REQUIRED ACTION:
What is needed is a word-for-word copy of every record below, minus the pictures.

Records from a collection
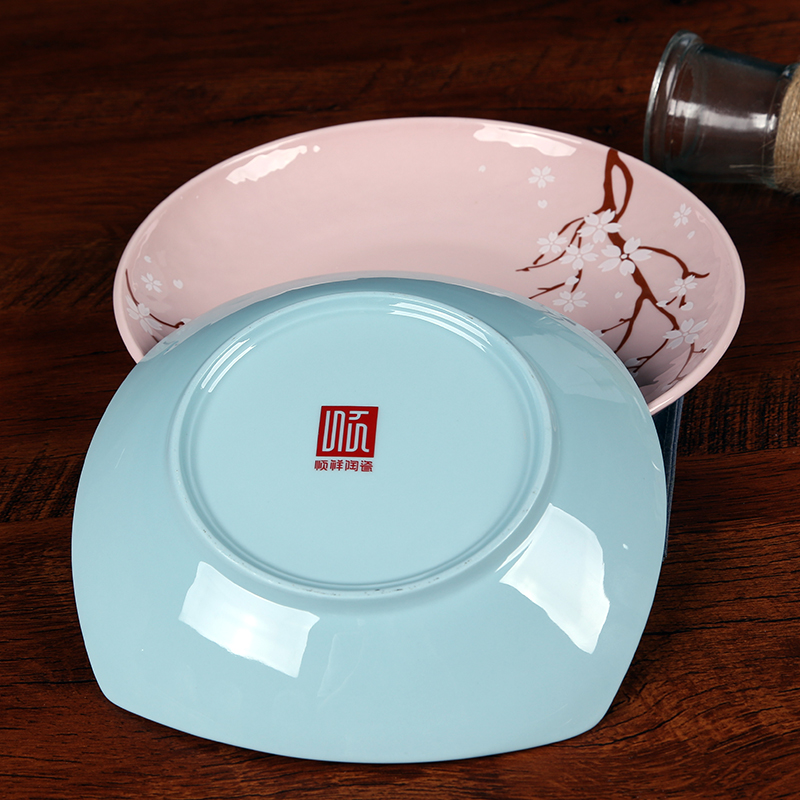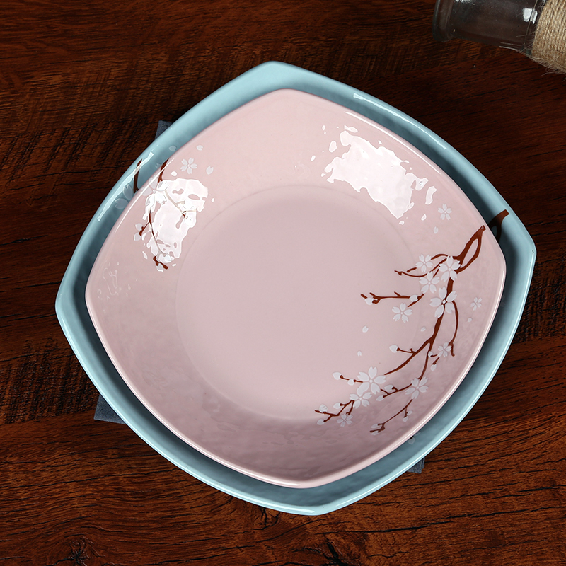 Shunxiang Ceramic Plate Home Deep Dish Dish Soup Plate Disc Square Dish Japanese Creative Porcelain Pink Blue
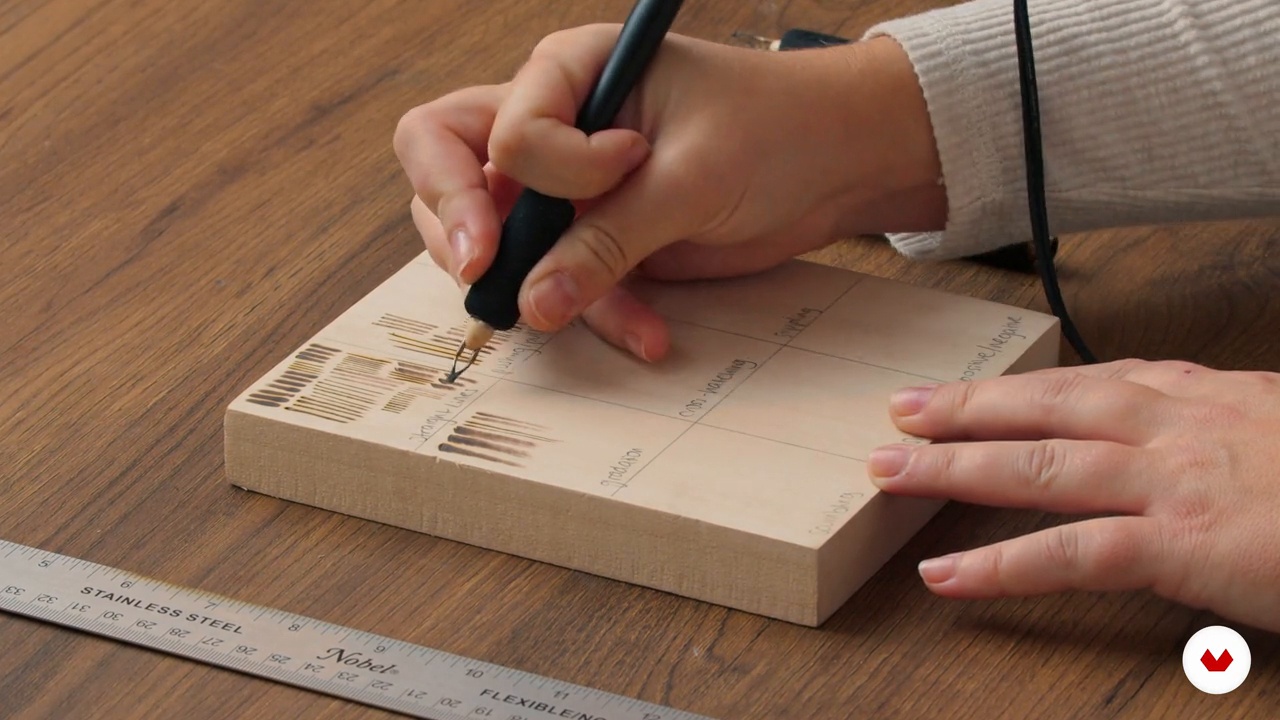 “È il momento di esplorare le diverse punte per la pirografia, tra cui punte piene e punte a filo metallico per ombreggiature, dettagli e puntinismo. Imparerai tecniche come linee dritte e curve, gradazioni e puntinatura su un pezzo di prova, concentrandoti sul controllo del calore e sulla versatilità della punta.”
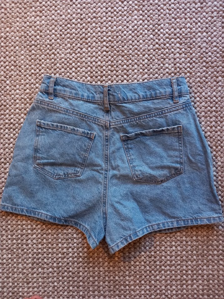 Düğmeli, cep detaylı, bol kesim gri mini denim şort, rahat ve desensiz, günlük sokak giyimine uygun.
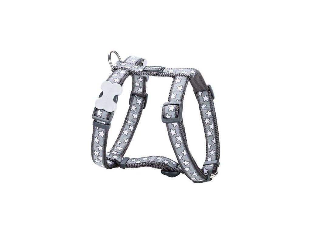 Red Dingo postroj – Stars White on Grey – 25 mm x 56-80 cm
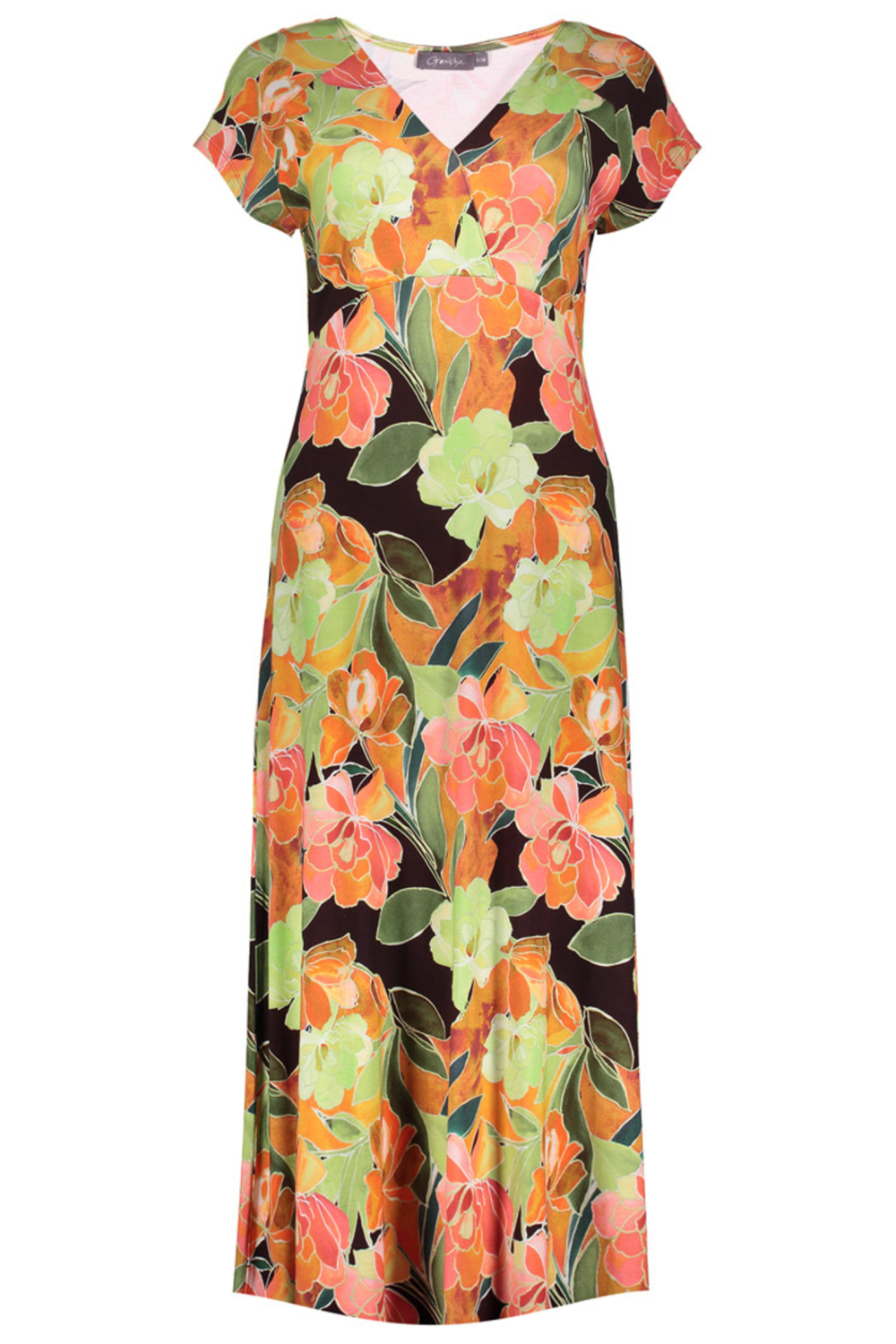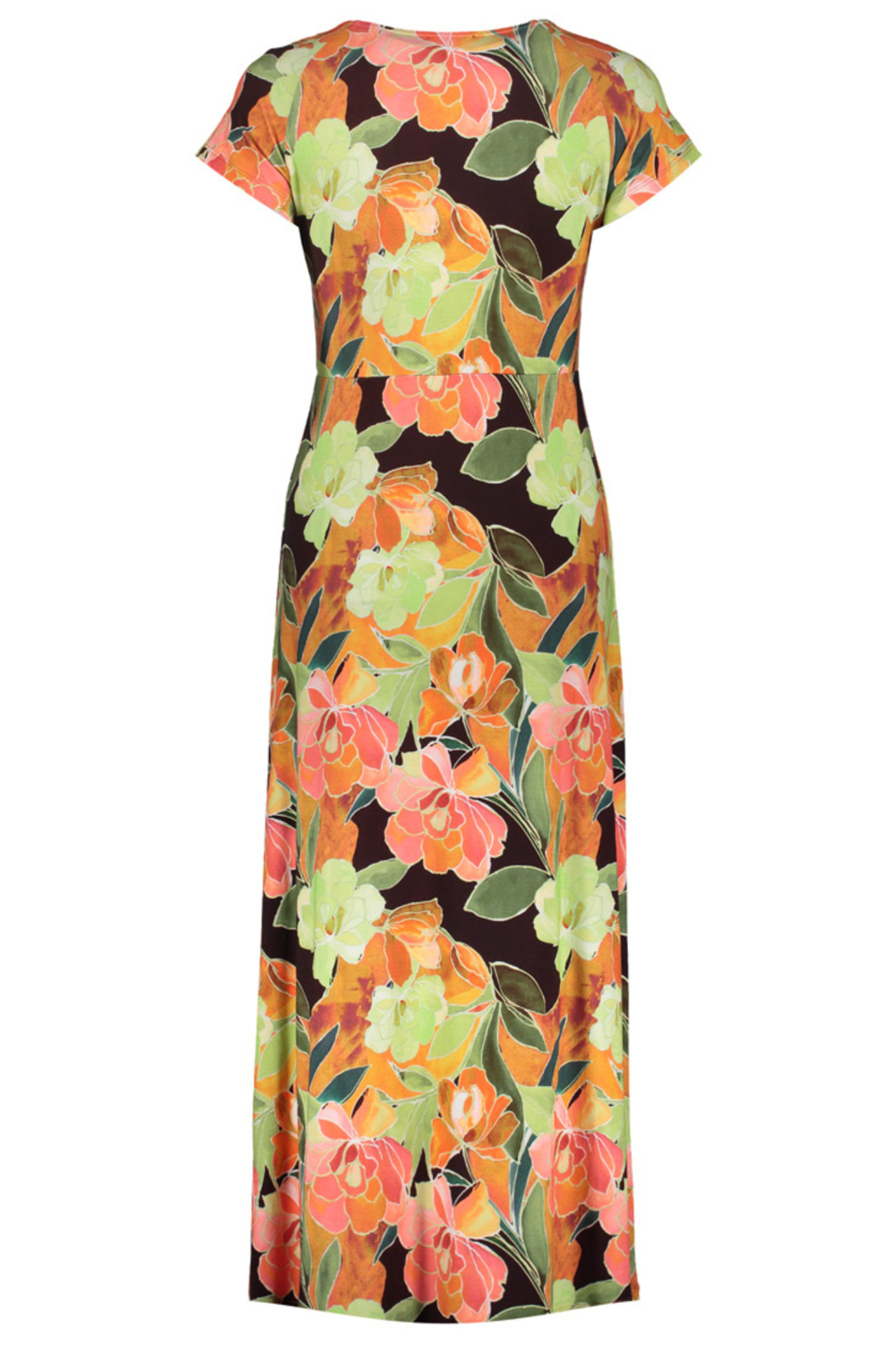 Deze bloemige zomerjurk van Geisha is een veelzijdige toevoeging aan je garderobe. Met zijn levendige bloemenpatroon in warme tinten, biedt deze jurk een frisse en speelse uitstraling, perfect voor casual dagen. De V-hals en korte mouwen geven een luchtige touch, terwijl de regular fit comfortabel aanvoelt voor dagelijks gebruik. De lengte van 7/8 maakt de jurk geschikt voor verschillende gelegenheden, van een ontspannen middag in het park tot een zomerse brunch. Gemaakt van een zachte mix van 95% viscose en 5% elastan, zorgt deze jurk voor een prettig draagcomfort, ideaal op warme dagen. Je kunt deze jurk makkelijk combineren met sandalen of sneakers voor een casual look, of met hakken voor een iets gekledere stijl. Of je nu naar een informele bijeenkomst gaat of een wandeling door de stad maakt, deze jurk van Geisha biedt je een stijlvolle en comfortabele outfit-optie die je elke zomer weer uit de kast wilt pakken. Meer informatie: De totale lengte is 126 cm bij maat S/36.

EXERCISE SOLUTION:
 Shunxiang Ceramic Plate Home Deep Dish Dish Soup Plate Disc Square Dish Japanese Creative Porcelain Pink Blue
 “È il momento di esplorare le diverse punte per la pirografia, tra cui punte piene e punte a filo metallico per ombreggiature, dettagli e puntinismo. Imparerai tecniche come linee dritte e curve, gradazioni e puntinatura su un pezzo di prova, concentrandoti sul controllo del calore e sulla versatilità della punta.”
 Düğmeli, cep detaylı, bol kesim gri mini denim şort, rahat ve desensiz, günlük sokak giyimine uygun.
 Red Dingo postroj – Stars White on Grey – 25 mm x 56-80 cm
 Deze bloemige zomerjurk van Geisha is een veelzijdige toevoeging aan je garderobe. Met zijn levendige bloemenpatroon in warme tinten, biedt deze jurk een frisse en speelse uitstraling, perfect voor casual dagen. De V-hals en korte mouwen geven een luchtige touch, terwijl de regular fit comfortabel aanvoelt voor dagelijks gebruik. De lengte van 7/8 maakt de jurk geschikt voor verschillende gelegenheden, van een ontspannen middag in het park tot een zomerse brunch. Gemaakt van een zachte mix van 95% viscose en 5% elastan, zorgt deze jurk voor een prettig draagcomfort, ideaal op warme dagen. Je kunt deze jurk makkelijk combineren met sandalen of sneakers voor een casual look, of met hakken voor een iets gekledere stijl. Of je nu naar een informele bijeenkomst gaat of een wandeling door de stad maakt, deze jurk van Geisha biedt je een stijlvolle en comfortabele outfit-optie die je elke zomer weer uit de kast wilt pakken. Meer informatie: De totale lengte is 126 cm bij maat S/36.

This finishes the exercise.